This tutorial demonstrates how we can utilize structured outputs in multi-agent system and trace them with Weave.

Source

This cookbook is based on sample code from OpenAI's structured outputs, with some modifications added for improved visualization using Weave.

Installing the Dependencies

We need the following libraries for this tutorial:

OpenAI to create multi-agent system.
Weave to track our LLM workflow and evaluate our prompting strategies.

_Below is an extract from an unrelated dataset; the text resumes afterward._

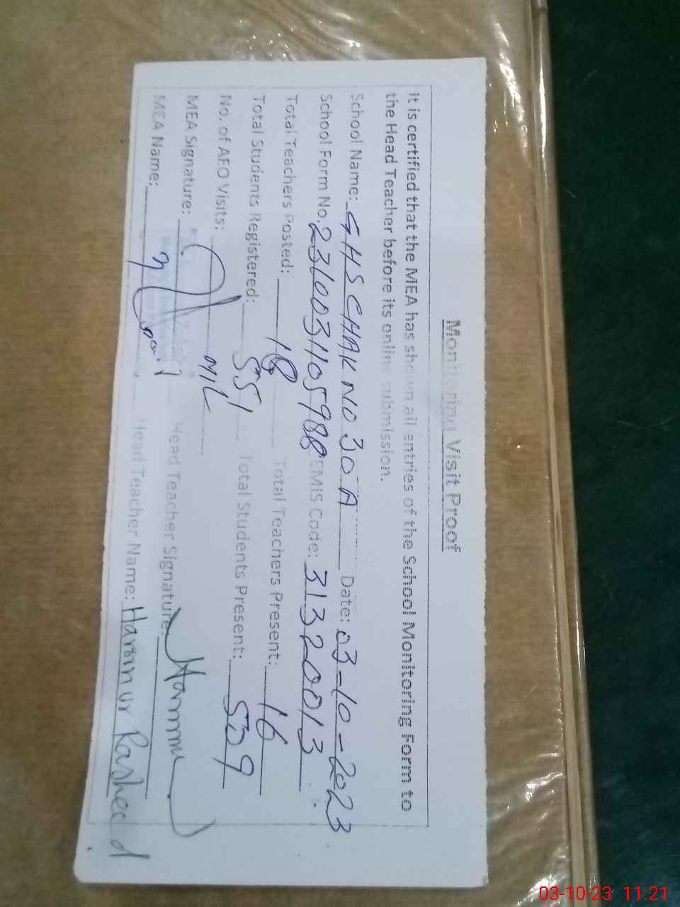 | Name: MU**** AR**** Designation: (School Headmaster's/Headmistress's) SST. ( I/C) Phone/Cell Number: 03**** |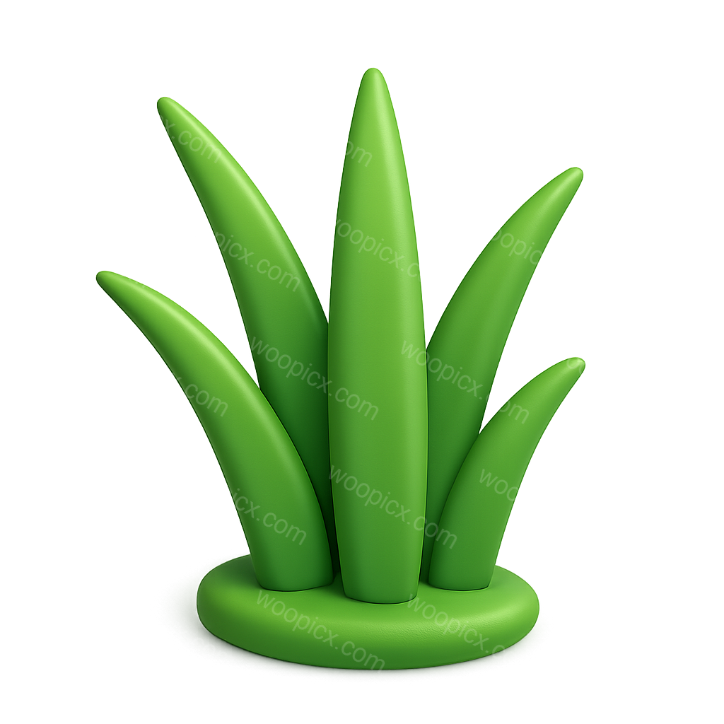 This image showcases a stylized 3D icon of green grass blades, presented in a three-quarter view with a smooth, isometric design. The vibrant color and glossy finish give it a modern look.

!pip install -qU openai weave wandb

%%capture
# Temporary workaround to fix bug in openai:
# TypeError: Client.__init__() got an unexpected keyword argument 'proxies'
# See https://community.openai.com/t/error-with-openai-1-56-0-client-init-got-an-unexpected-keyword-argument-proxies/1040332/15
!pip install "httpx<0.28"

We set WANDB_API_KEY in our env so that we may easily login with wandb.login() (this should be given to the colab as a secret).

We set the project in W&B we want to log this into in name_of_wandb_project.

NOTE: name_of_wandb_project may also be in the format of {team_name}/{project_name} to specify a team to log the traces into. We then fetch a weave client by calling weave.init()

Since we'll be using OpenAI API, we will also need an OpenAI API key. You can sign up on the OpenAI platform to get your own API key. (this should be given to the colab as a secret too.)

import base64
import json
import os
from io import BytesIO, StringIO

import matplotlib.pyplot as plt
import numpy as np
import pandas as pd
import wandb
from google.colab import userdata
from openai import OpenAI

import weave

os.environ["WANDB_API_KEY"] = userdata.get("WANDB_API_KEY")
os.environ["OPENAI_API_KEY"] = userdata.get("OPENAI_API_KEY")

wandb.login()
name_of_wandb_project = "multi-agent-structured-output"
weave.init(name_of_wandb_project)

client = OpenAI()
MODEL = "gpt-4o-2024-08-06"

Agents set up

The use case we will tackle is a data analysis task. Let's first set up our 4-agents system:

Triaging agent: Decides which agent(s) to call
Data pre-processing Agent: Prepares data for analysis - for example by cleaning it up
Data Analysis Agent: Performs analysis on the data
Data Visualization Agent: Visualizes the output of the analysis to extract insights We will start by defining the system prompts for each of these agents.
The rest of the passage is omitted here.